Involvement of the Inositol-trisphosphate Receptor in Invasive or Migratory-type Breast Cancers (CarcIno)

Breast cancer is the leading cause of female cancer and female death by cancer in France. Despite the improvement in early detection and therapeutic arsenal, the mortality of this cancer remains high with 11 886 deaths estimated in 2012. Breast cancer is most often a carcinoma born from the lobular or ductal epithelium and is classified In two main categories: non invasive and invasive. Invasive breast cancers account for 75% of the cases. They are usually ductal (75%) and more rarely lobular (25%). The cancer cells are then no longer circumscribed to the galactophoric canals or glands but have invaded neighboring tissues. If they are not treated in time, these cancers can then spread: the cancerous cells will then migrate either by the lymphatic vessels to reach the neighboring ganglia or through the blood vessels to give metastases in other tissues In the liver, lungs and bones). The mortality associated with breast cancer is not due to the growth of the primary tumor but rather to the occurrence of metastases. The study of the mechanisms leading to metastatic invasion (i.e. migration and invasion) is therefore of considerable importance. The development of metastases depends on the acquisition by the cancer cells of various capacities including that of being able to migrate, involving a remodeling of the cytoskeleton highly dependent on the intracellular calcium (Ca2 +) concentration. Several types of signals are able to induce mobilization of Ca2 + from the extracellular medium or endoplasmic reticulum (ER) reserves. At the intracellular level, some of these signals are generated by inositol (1,4,5) -trisphosphate (IP3) from the activation of G protein-coupled receptors or certain receptors with tyrosine kinase activity. Has been shown that the expression, activity and regulation of IP3R receptors (IP3Rs) are involved in the cancerous processes of many tissues, in particular in the phenomena of proliferation of breast cancer cells. Overall, altered expression and / or activity of IP3Rs can be used for the survival, growth, proliferation and migration of cancer cells.

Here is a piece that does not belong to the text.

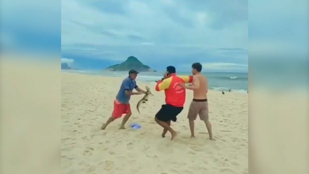 Jacaré é usado como arma durante briga em praia do Rio de Janeiro; Veja vídeo
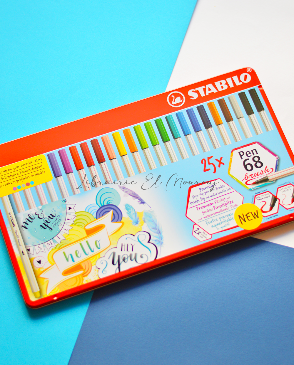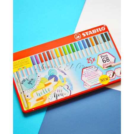 Boîte métal de 25 feutres Pen 68 Brush, pointe pinceau, couleurs assorties

In the laboratory, the investigator showed that regulation of the expression of subtype 3 (IP3R3) by 17β-estradiol (E2) is involved in the growth of the human mammary cancer line MCF-7. E2 triggers the release of Ca2 + in an IP3-dependent mechanism, while prolonged exposure to E2 leads to an increase in the expression of IP3R3. At the same time, the reduction in the expression of IP3R3 cancels the proliferative effect of E2 on MCF-7 cells. More recently, the investigator has established that IP3R3 regulates the proliferation of cells of the human MCF-7 mammary cancer cell line via a molecular and functional interaction with the Ca2 + -dependent BKCa potassium channel. The determination of IP3Rs, including subtype 3, as a mediator / marker of breast carcinogenesis appears to be a major clinical issue.